======== RECORDS SUPPLIED

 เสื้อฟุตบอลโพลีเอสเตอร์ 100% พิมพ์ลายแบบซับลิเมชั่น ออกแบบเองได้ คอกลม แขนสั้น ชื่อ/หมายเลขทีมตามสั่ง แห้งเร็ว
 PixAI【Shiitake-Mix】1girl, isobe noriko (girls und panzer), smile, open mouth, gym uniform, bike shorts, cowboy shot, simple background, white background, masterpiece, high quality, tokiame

================
======== RECORDS SUPPLIED

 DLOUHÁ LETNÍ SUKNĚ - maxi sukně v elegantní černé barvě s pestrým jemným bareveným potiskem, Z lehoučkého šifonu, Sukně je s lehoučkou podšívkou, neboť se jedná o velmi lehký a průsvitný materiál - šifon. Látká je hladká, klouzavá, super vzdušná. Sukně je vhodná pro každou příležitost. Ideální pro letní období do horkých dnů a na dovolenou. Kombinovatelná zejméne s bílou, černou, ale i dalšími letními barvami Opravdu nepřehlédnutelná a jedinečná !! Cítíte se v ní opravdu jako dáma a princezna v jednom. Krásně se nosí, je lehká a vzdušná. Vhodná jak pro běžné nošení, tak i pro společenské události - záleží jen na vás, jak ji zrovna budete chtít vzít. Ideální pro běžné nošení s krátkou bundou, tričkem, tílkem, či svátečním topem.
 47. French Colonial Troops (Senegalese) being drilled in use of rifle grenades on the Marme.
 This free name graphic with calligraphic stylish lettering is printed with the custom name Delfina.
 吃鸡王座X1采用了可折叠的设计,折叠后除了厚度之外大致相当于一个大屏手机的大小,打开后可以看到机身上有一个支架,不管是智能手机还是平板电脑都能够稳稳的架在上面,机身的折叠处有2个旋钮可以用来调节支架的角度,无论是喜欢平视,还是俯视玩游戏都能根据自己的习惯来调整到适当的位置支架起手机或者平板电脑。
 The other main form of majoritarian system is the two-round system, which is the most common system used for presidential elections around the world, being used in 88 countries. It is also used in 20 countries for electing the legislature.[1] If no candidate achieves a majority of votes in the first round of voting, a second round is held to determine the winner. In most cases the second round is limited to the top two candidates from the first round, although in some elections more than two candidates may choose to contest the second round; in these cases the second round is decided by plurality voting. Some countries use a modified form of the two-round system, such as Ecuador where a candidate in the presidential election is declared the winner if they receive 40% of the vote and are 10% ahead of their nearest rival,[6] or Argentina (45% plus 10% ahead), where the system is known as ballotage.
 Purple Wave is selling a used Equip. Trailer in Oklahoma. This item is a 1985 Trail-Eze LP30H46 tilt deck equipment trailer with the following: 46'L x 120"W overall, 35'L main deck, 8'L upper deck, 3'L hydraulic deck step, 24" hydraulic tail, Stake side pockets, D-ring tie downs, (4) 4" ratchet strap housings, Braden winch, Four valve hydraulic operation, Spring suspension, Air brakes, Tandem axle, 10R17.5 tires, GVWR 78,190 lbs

================

EXERCISE INSTRUCTIONS: For this exercise, repeat exactly the lines of the data above from the one with "47. French Colonial" down to the one with "Purple Wave is", both end lines included.

FINISHED EXERCISE:
 47. French Colonial Troops (Senegalese) being drilled in use of rifle grenades on the Marme.
 This free name graphic with calligraphic stylish lettering is printed with the custom name Delfina.
 吃鸡王座X1采用了可折叠的设计,折叠后除了厚度之外大致相当于一个大屏手机的大小,打开后可以看到机身上有一个支架,不管是智能手机还是平板电脑都能够稳稳的架在上面,机身的折叠处有2个旋钮可以用来调节支架的角度,无论是喜欢平视,还是俯视玩游戏都能根据自己的习惯来调整到适当的位置支架起手机或者平板电脑。
 The other main form of majoritarian system is the two-round system, which is the most common system used for presidential elections around the world, being used in 88 countries. It is also used in 20 countries for electing the legislature.[1] If no candidate achieves a majority of votes in the first round of voting, a second round is held to determine the winner. In most cases the second round is limited to the top two candidates from the first round, although in some elections more than two candidates may choose to contest the second round; in these cases the second round is decided by plurality voting. Some countries use a modified form of the two-round system, such as Ecuador where a candidate in the presidential election is declared the winner if they receive 40% of the vote and are 10% ahead of their nearest rival,[6] or Argentina (45% plus 10% ahead), where the system is known as ballotage.
 Purple Wave is selling a used Equip. Trailer in Oklahoma. This item is a 1985 Trail-Eze LP30H46 tilt deck equipment trailer with the following: 46'L x 120"W overall, 35'L main deck, 8'L upper deck, 3'L hydraulic deck step, 24" hydraulic tail, Stake side pockets, D-ring tie downs, (4) 4" ratchet strap housings, Braden winch, Four valve hydraulic operation, Spring suspension, Air brakes, Tandem axle, 10R17.5 tires, GVWR 78,190 lbs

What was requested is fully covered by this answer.